See patch against the x86 tree below.
tglx
-------------------->
commit 093976c7ad206a008bd5de4619f40f6bca4a79c3
Author: Thomas Gleixner <tglx@inhelltoy.tec.linutronix.de>
Date: Fri Oct 5 22:19:18 2007 +0200
x86: Fix irq0 / local apic timer accounting
The clock events merge introduced a change to the nmi watchdog code to
handle the not longer increasing local apic timer count in the
broadcast mode. This is fine for UP, but on SMP it pampers over a
stuck CPU which is not handling the broadcast interrupt due to the
unconditional sum up of local apic timer count and irq0 count.
To cover all cases we need to keep track on which CPU irq0 is
handled. In theory this is CPU#0 due to the explicit disabling of irq
balancing for irq0, but there are systems which ignore this on the
hardware level. The per cpu irq0 accounting allows us to remove the
irq0 to CPU0 binding as well.
Add a per cpu counter for irq0 and evaluate this instead of the global
irq0 count in the nmi watchdog code.
Signed-off-by: Thomas Gleixner <tglx@linutronix.de>
diff --git a/arch/x86/kernel/nmi_32.c b/arch/x86/kernel/nmi_32.c
index c7227e2..95d3fc2 100644
--- a/arch/x86/kernel/nmi_32.c
+++ b/arch/x86/kernel/nmi_32.c
@@ -353,7 +353,8 @@ __kprobes int nmi_watchdog_tick(struct pt_regs * regs, unsigned reason)

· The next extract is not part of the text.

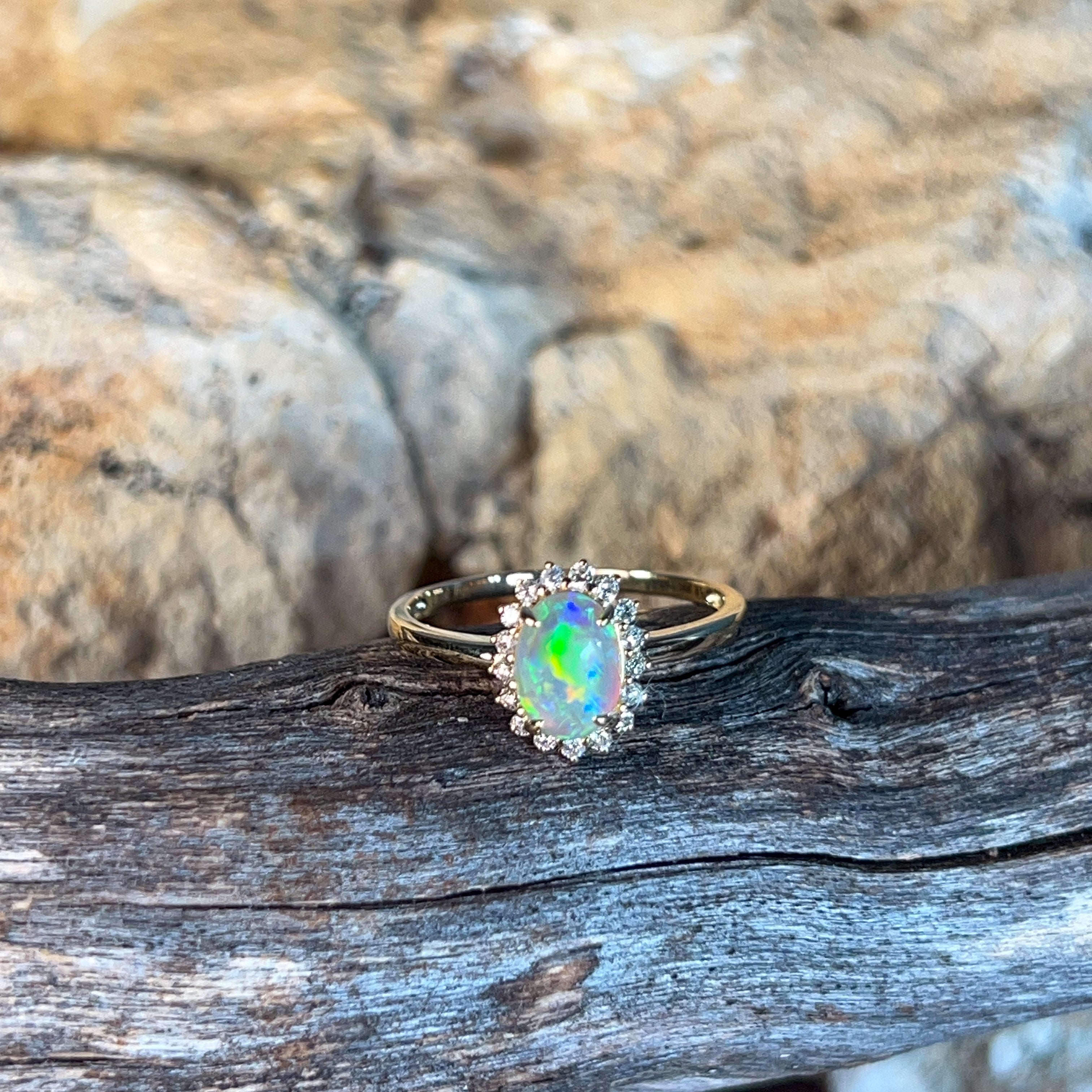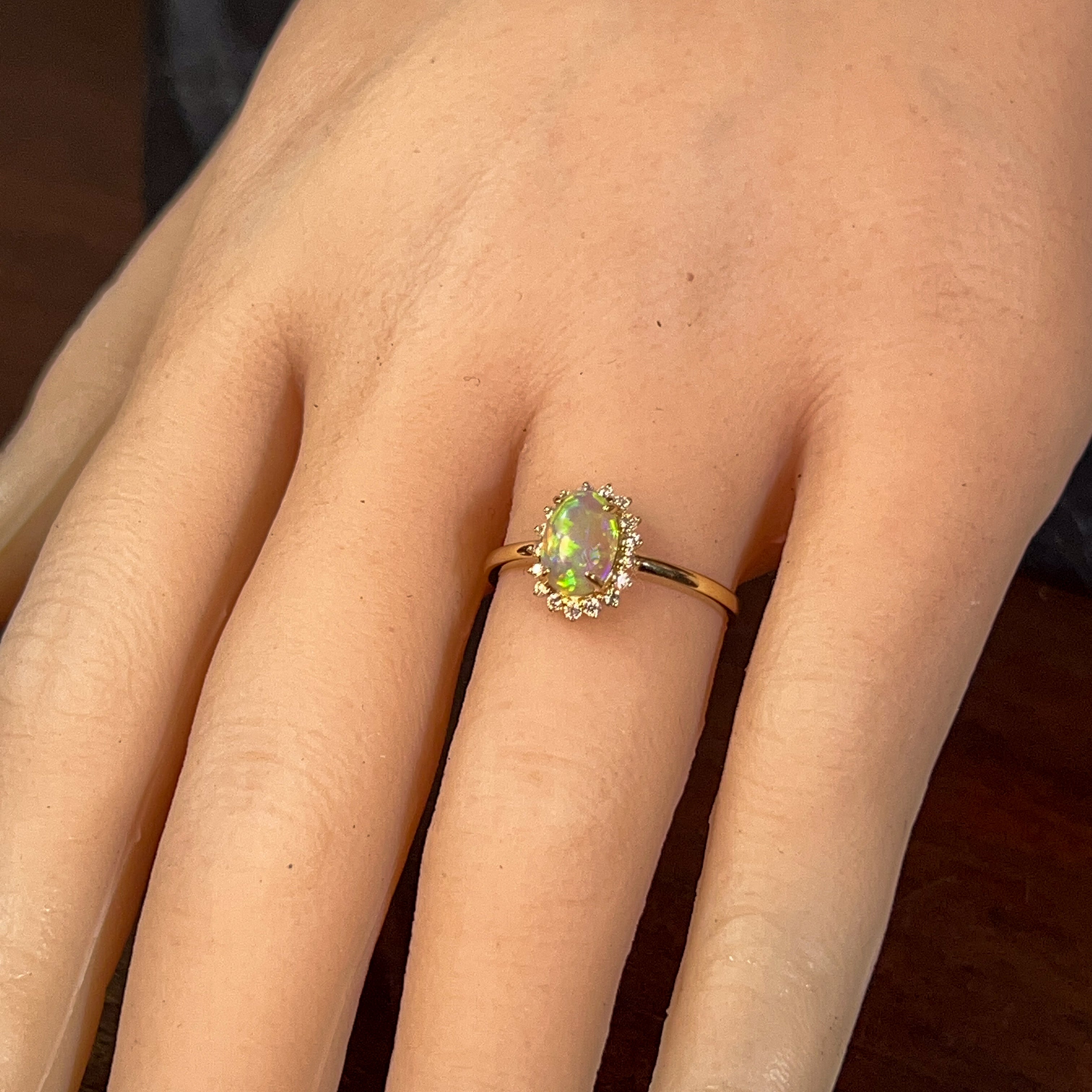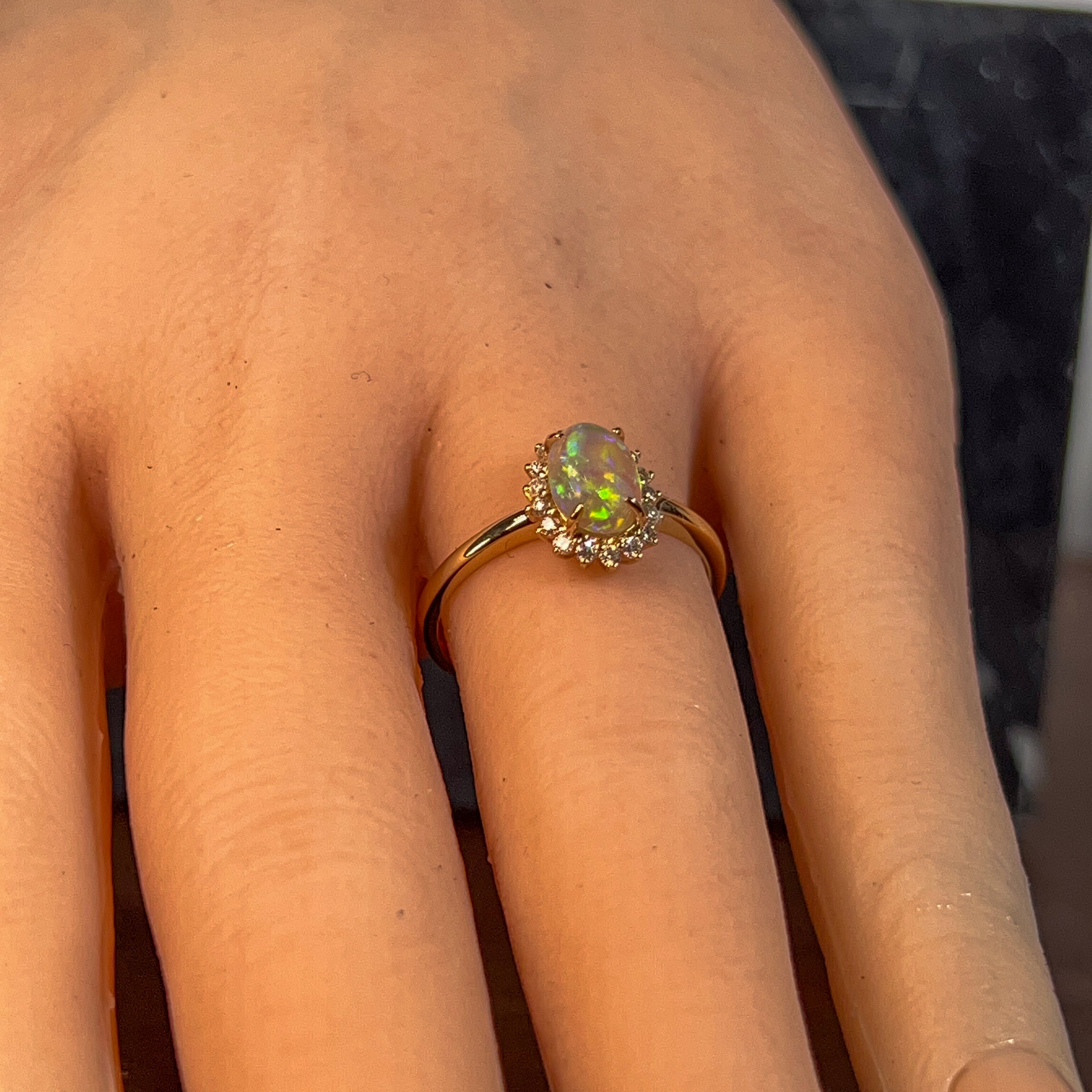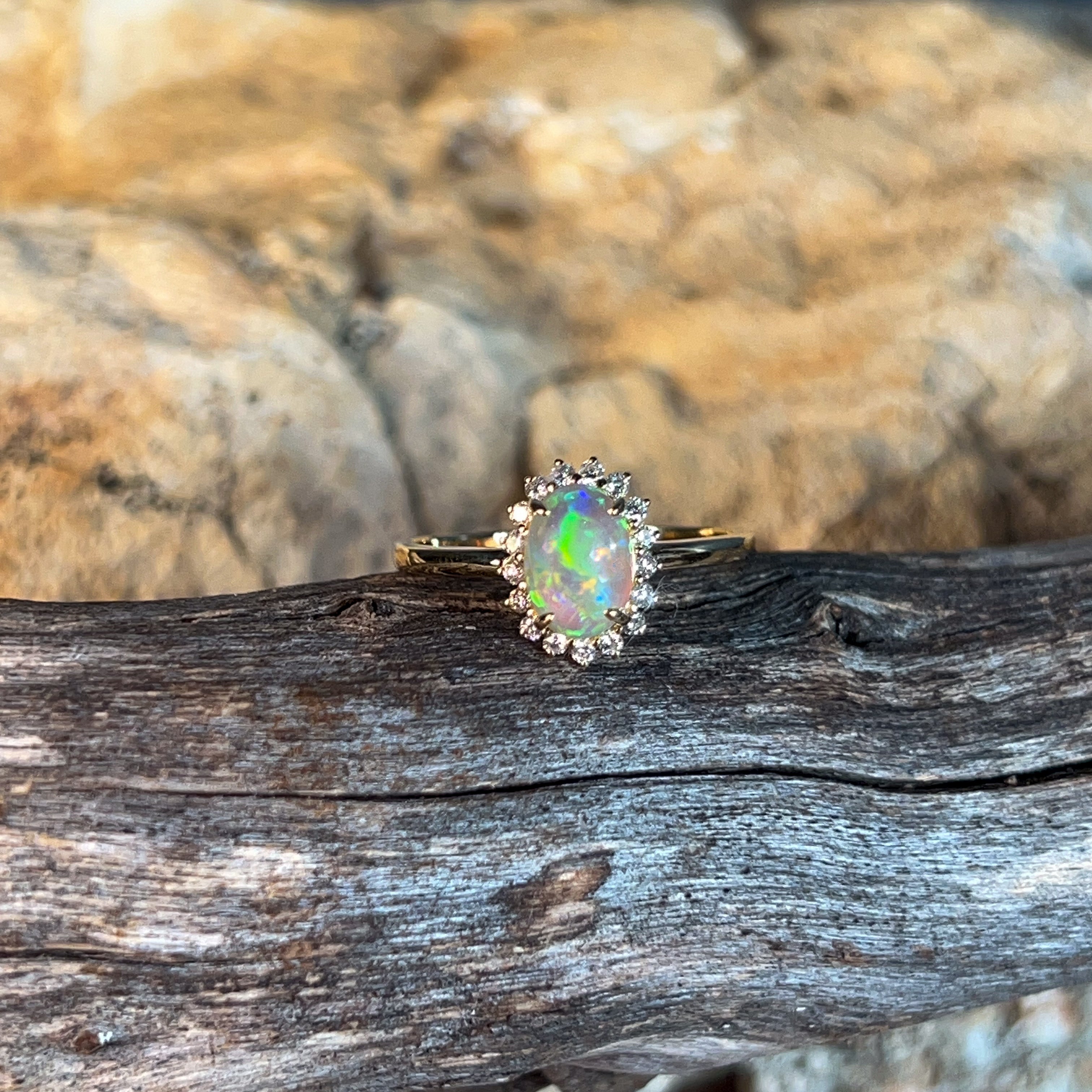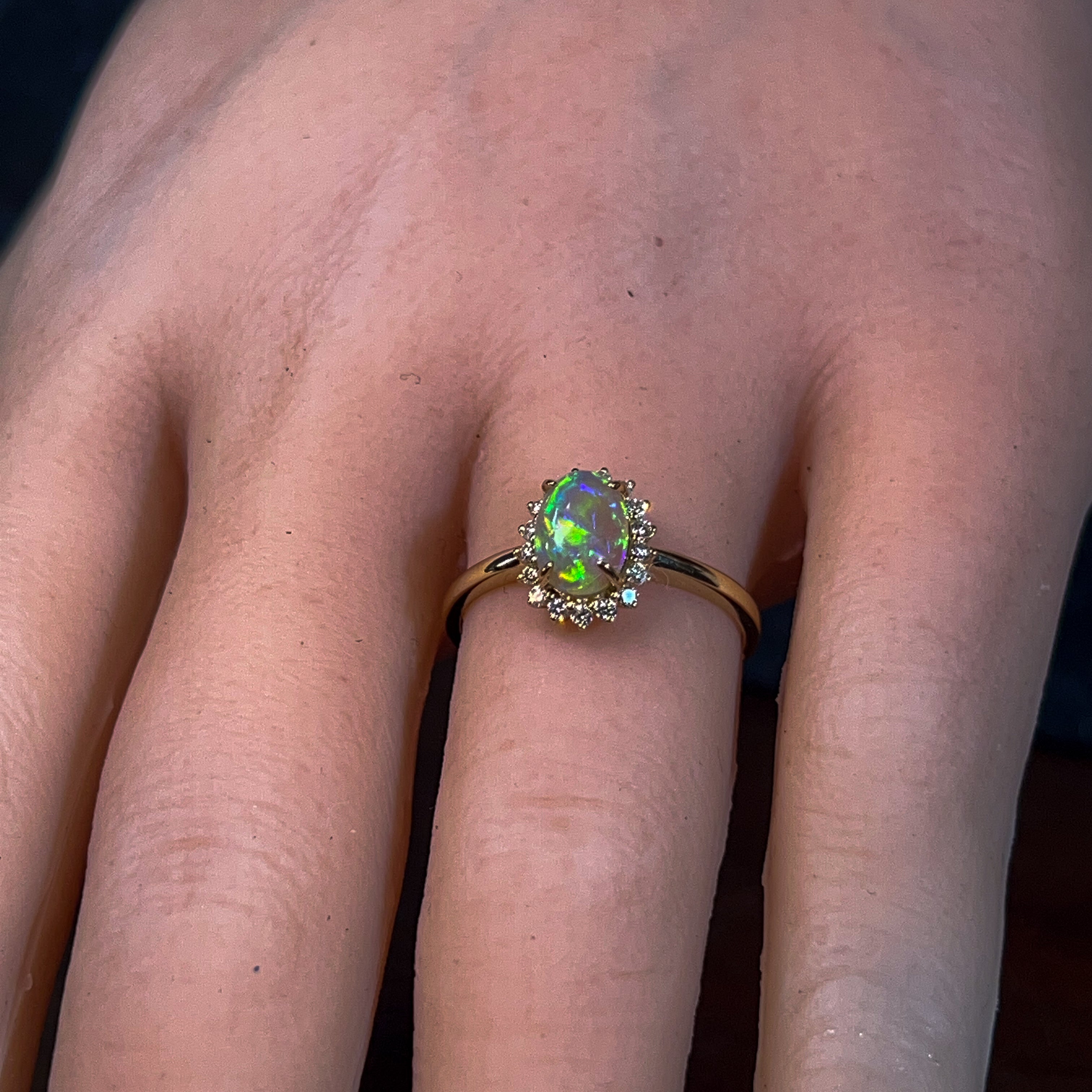 Timeless elegance meets natural beauty in this stunning 18kt yellow gold cluster engagement ring. The centrepiece is a captivating 0.7ct Australian black opal in classic oval cut, displaying mesmerising yellow-green-blue rolling flash that catches light with every movement. Seventeen round brilliant diamonds (0.17ct, F colour, VS clarity) frame the opal in a traditional cluster design, creating a sophisticated halo effect that enhances the opal's vibrant play of colour. Weighing just 1.78g, this ring combines delicate craftsmanship with enduring style. Currently sized at N1/2, it's the perfect choice for those seeking a distinctive engagement ring that celebrates the unique beauty of Australian gemstones.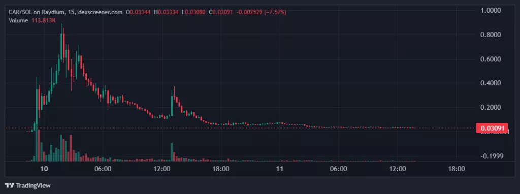 15-минутный график капитализации CAR агрегатора Raydium. Данные: DEX Screener.

* Take the local apic timer and PIT/HPET into account. We don't
* know which one is active, when we have highres/dyntick on
*/
- sum = per_cpu(irq_stat, cpu).apic_timer_irqs + kstat_cpu(cpu).irqs[0];
+ sum = per_cpu(irq_stat, cpu).apic_timer_irqs +
+ per_cpu(irq_stat, cpu).irq0_irqs;
/* if the none of the timers isn't firing, this cpu isn't doing much */
if (!touched && last_irq_sums[cpu] == sum) {
diff --git a/arch/x86/kernel/time_32.c ...